### Data section ###
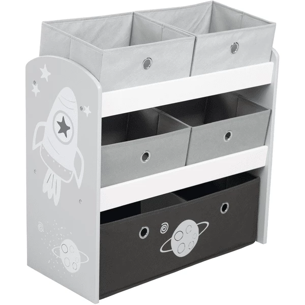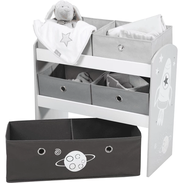 Con lo scaffale dei giochi anche i più piccoli imparano a mantenere l’ordine nella stanza dei bambini. Grazie alle grandi maniglie in metallo, le scatole in tessuto possono essere facilmente rimosse e riposte sul ripiano portagiocattoli. La scatola di tessuto più bassa e più grande è stampata con una stella, in corrispondenza del motivo di stampa sulle parti laterali del ripiano portaoggetti.
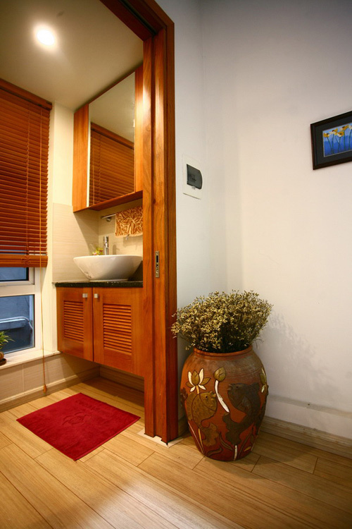 Bồn rửa tay được tách biệt với WC để sảnh tầng có thêm không gian và tận dụng ánh sáng, thông gió qua ô cửa sổ sau nhà.
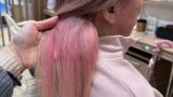 美容室で 初音ミク色インナーカラー ピンクベージュアウター 眉カットも
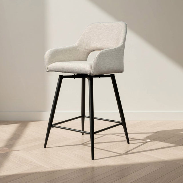 Tabouret de bar rotatif en tissu beige Skye - Hauteur d'assise 67 cm - Avec accoudoirs
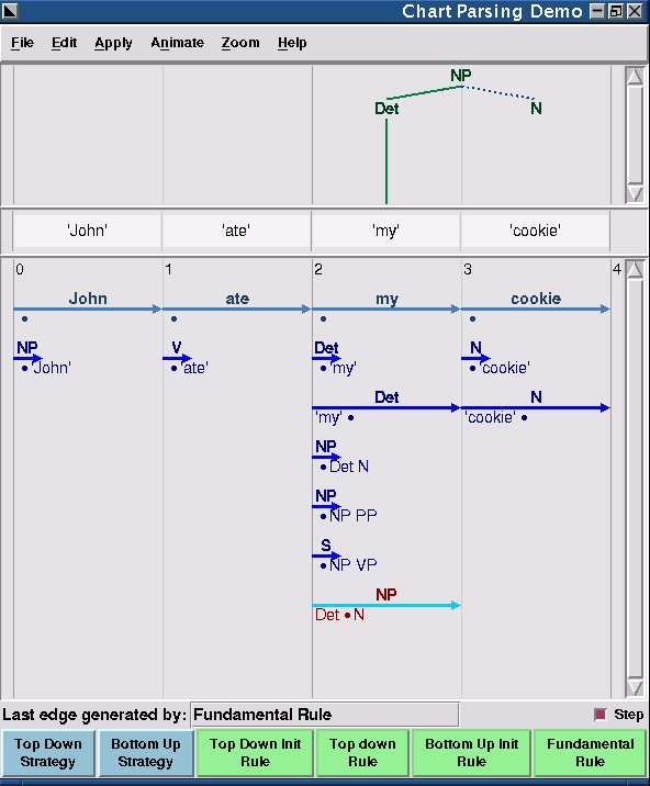 Análisis sintáctico: Se transforman las secuencias lineales de palabras en ciertas estructuras que muestran la forma en que las palabras se relacionan entre sí. Se pueden rechazar algunas secuencias de palabras si infringen las reglas del lenguaje sobre la forma en que las palabras pueden combinarse. Ej: "niña la come mucho" se rechazaría.
###
» **Directions**
Please set down exactly the lines from the first line of the data above through the line with "Tabouret de bar", both included, leaving out the pictures.

» **Answer box**
 Con lo scaffale dei giochi anche i più piccoli imparano a mantenere l’ordine nella stanza dei bambini. Grazie alle grandi maniglie in metallo, le scatole in tessuto possono essere facilmente rimosse e riposte sul ripiano portagiocattoli. La scatola di tessuto più bassa e più grande è stampata con una stella, in corrispondenza del motivo di stampa sulle parti laterali del ripiano portaoggetti.
 Bồn rửa tay được tách biệt với WC để sảnh tầng có thêm không gian và tận dụng ánh sáng, thông gió qua ô cửa sổ sau nhà.
 美容室で 初音ミク色インナーカラー ピンクベージュアウター 眉カットも
 Tabouret de bar rotatif en tissu beige Skye - Hauteur d'assise 67 cm - Avec accoudoirs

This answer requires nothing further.